Conglomeration is defined as:




a. the act of growing through unrelated diversification, essentially by acquiring companies in different industries.


b. the process in which one product of a company eats into the profits of another product of the same company.


c. the pricing technique where certain unpopular products of a company are priced lower than normal in order to increase their sale.


d. the strategy in which a company acquires other companies that deal with similar products or market segments.

A

According to the economist Milton Friedman, the goal of a business is to:




a. satisfy all its stakeholders.


b. generate job opportunities.


c. make profits.


d. serve the society.

C

Ryan is the manager of Home Repairs Inc., a company that provides a wide range of repair and maintenance services. He claims that Home Repairs is the only company that sends over technicians to a client's place for repair work within an hour of the client's call to the company. His company offers its services at very affordable prices. Home Repairs distinguishes itself from other companies by providing discounts for people who sign up for memberships. This scenario describes the company's ________ .




a. objectives


b. vision


c. core competencies


d. mission statement

C

The mission of a firm provides:




a. an outline of what a firm hopes to achieve in a short period of time.


b. a description of the activities that a firm performs for its customers.

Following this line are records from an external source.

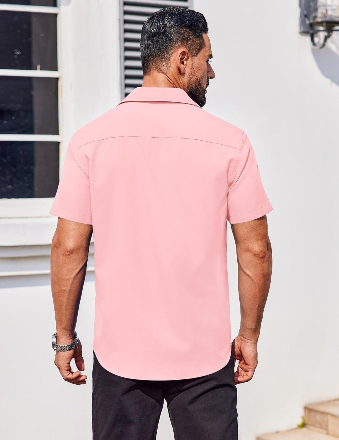COOFANDY Men’s Button Down Shirts Stain Shield Dress Shirts Short Sleeve Summer Business Casual Shirts(Light Pink)
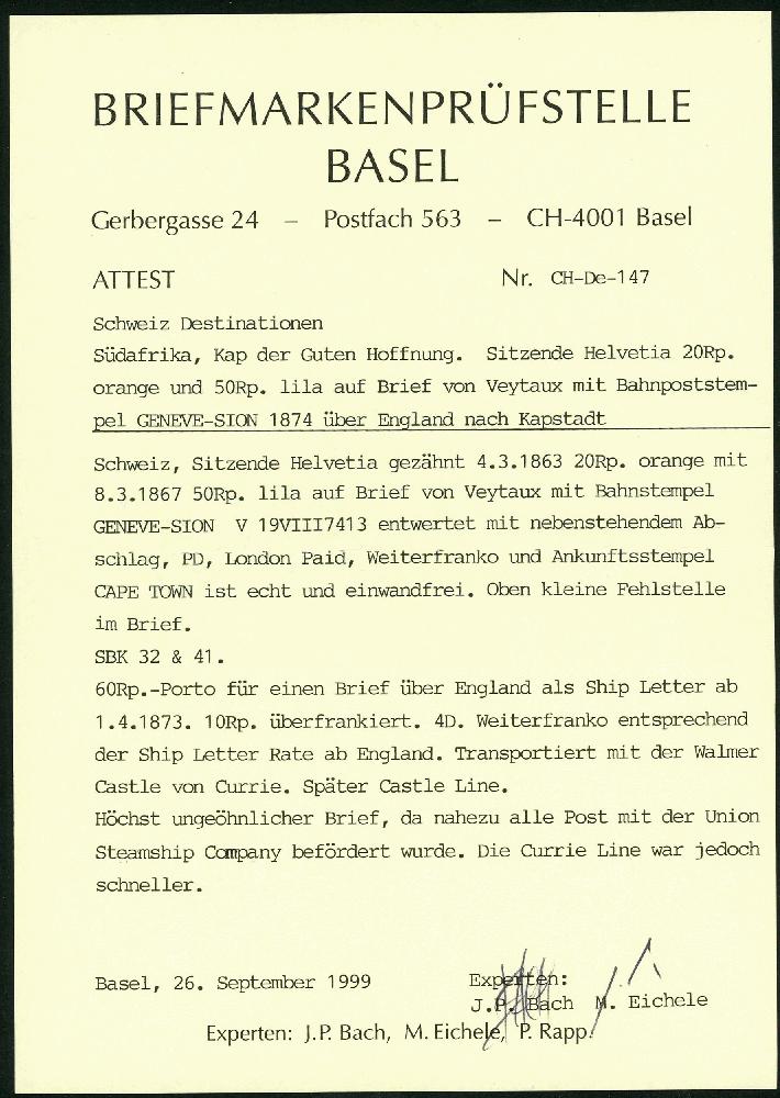 | Zusatzinformationen und Suchstichworte: | Briefmarken Helvetia 46. Live-Auktion 13. Mai 2023 Los 222 Schweiz 1874: 20 Rp. orange und 50 Rp. helllila, auf vollständigem Beleg nach Kap der guten Hoffnung (Südafrika) via Basel, London und Dartmouth; entwertet mit Bahnpost-Stempel GENEVE-SION 19.VIII.74, einen Monat später (21. Sept.) in Capetown eingetroffen; ein paar Transportspuren sind in Anbetracht der Seltenheit dieses Briefes zu vernachlässigen; 2 Atteste erklären die diversen Besonderheiten und Beförderungswege Ausruf 2.500,00 CHF |
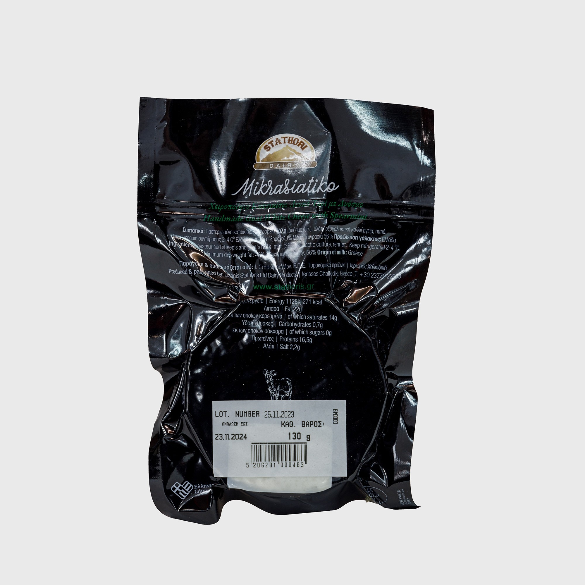 mikrasiatiko - білий козячий сир з додаванням дуже невеликої кількості овечого молока. Типовий ручний продукт, невеликий, який можна вживати в такому вигляді або запеченим у духовці. Згідно з традицією наших предків з Малої Азії, Micrasiatiko виробляється з любов'ю та турботою, якими будуть пишатися наші предки. Поєднуючи унікальний смак зеленого перцю зі старими смаками кухні Константинополя, Мікрасіатіко займає почесне місце на нашому повсякденному столі.
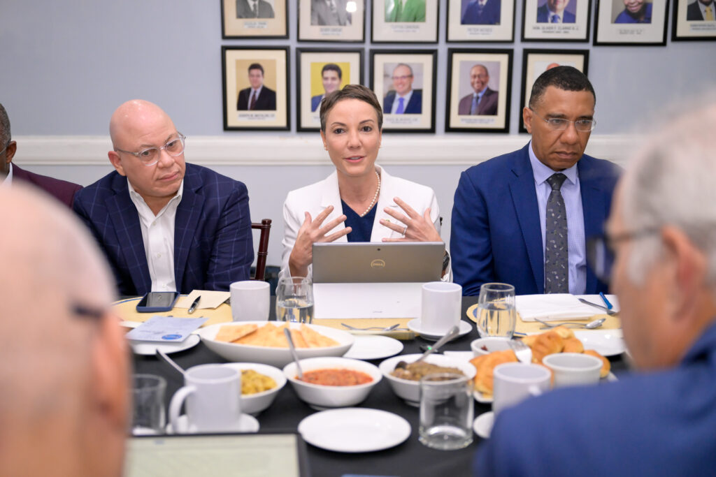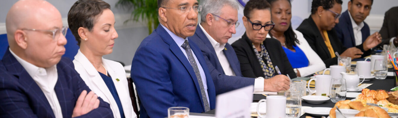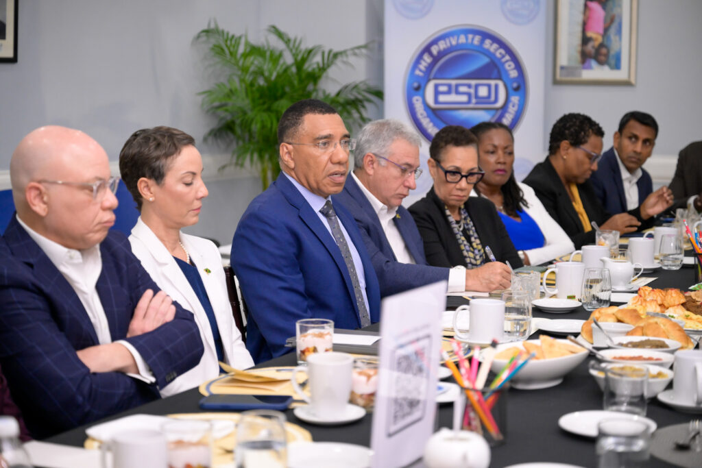 He was joined by Minister of Foreign Affairs and Foreign Trade Senator Kamina Johnson Smith, and other government officials for the Private Sector Organization of Jamaica (PSOJ) Partners’ Circle breakfast meeting at the PSOJ headquarters in Kingston.
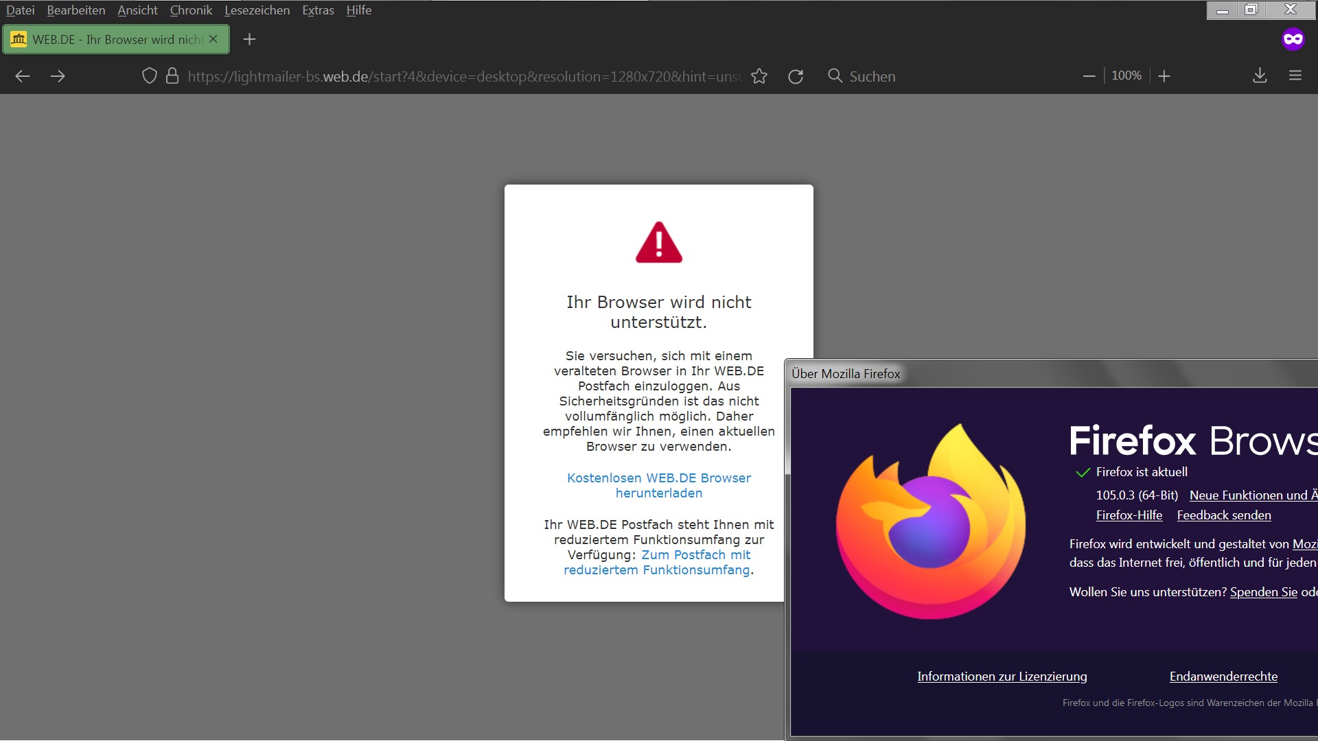 Ich habe auch schon verschiedene Browser ausprobiert doch es funktioniert nicht.
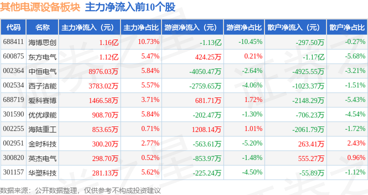 从资金流向上来看,当日其他电源设备板块主力资金净流出7.31亿元,游资资金净流入5616.83万元,散户资金净流入6.75亿元。其他电源设备板块个股资金流向见下表:
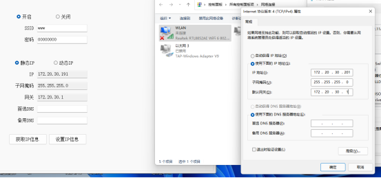 问题3. Wifi测试:用手机开热点(或者电脑)电脑和采集网关同时连热点,连接后用电脑ping采集网关wifi IP172.20.30.191
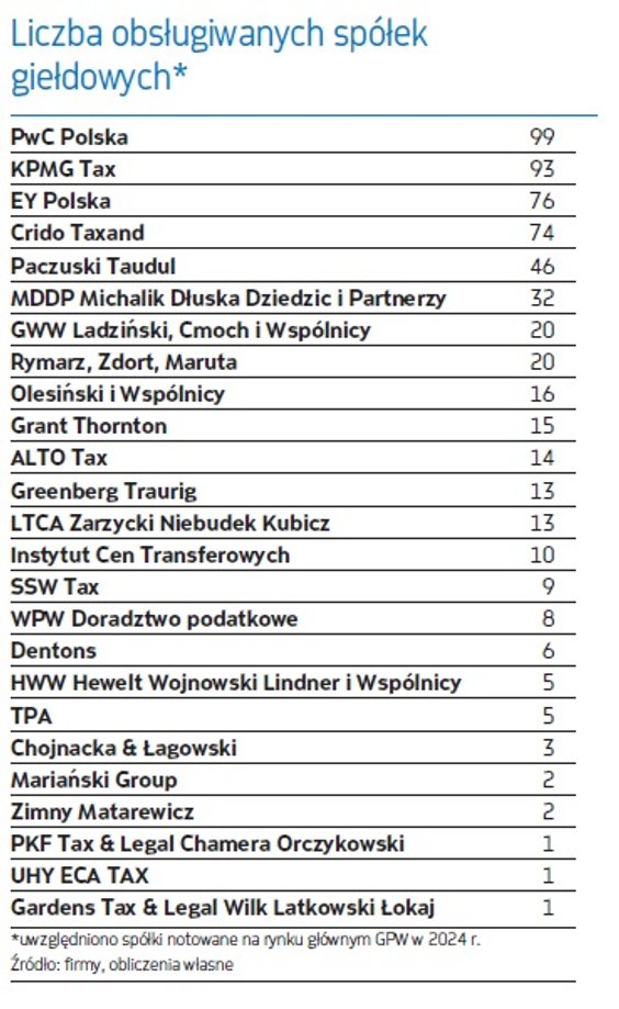 PwC utrzymało pozycję lidera. Doradzało 99 spółkom (wobec 103 w 2023 r.).

c. information of what a firm wants to achieve and how it plans to accomplish that.


d. a series of quantifiable milestones with which a firm can assess its progress.

B

Which of the following is true of the emergent aspects of strategy development?




a. The line managers of an organization are usually at the forefront of change in an industry.


b. The emergent aspects of strategy development are less important than its planned aspects.


c. The emergent aspects of strategy development signify flexibility in an organization.


d. They are formulated by a top-down process in the organization.

C

Pro-Go is a company that manufactures travel gear. It specializes in selling products such as backpacks, tents, and sleeping bags. Pro-Go recently finalized a contract with a supplier who agreed to supply product material at very low prices. This brought down production costs and enabled Pro-Go to sell its equipment at reasonable prices. As a result, profits of Pro-Go rose by 20%. In this case, the procurement of material at low prices:




a. conferred a long-term competitive advantage on Pro-Go.


b. was an effective strategy.


c. was a step that competitors of Pro-Go would find difficult to imitate.


d. increased the company's operational effectiveness.

D

Which of the following statements is true of a business-level strategy?




a. It involves the development of strategic alliances and partnerships with other firms.


b. It essentially defines the portfolio of the various businesses that a company is involved in.


c. It determines how a company will compete in a given business and succeed at it.


d. It creates value through the coordination and configuration of multimarket activities.

C

A(n) ________ strategy attempts to provide a standardized product to all markets without taking into consideration the local tastes and responsiveness of the regions in which the product is being sold.




a. global


b. international


c. transnational


d. multinational

A

Which of the following is an advantage of exporting strategies?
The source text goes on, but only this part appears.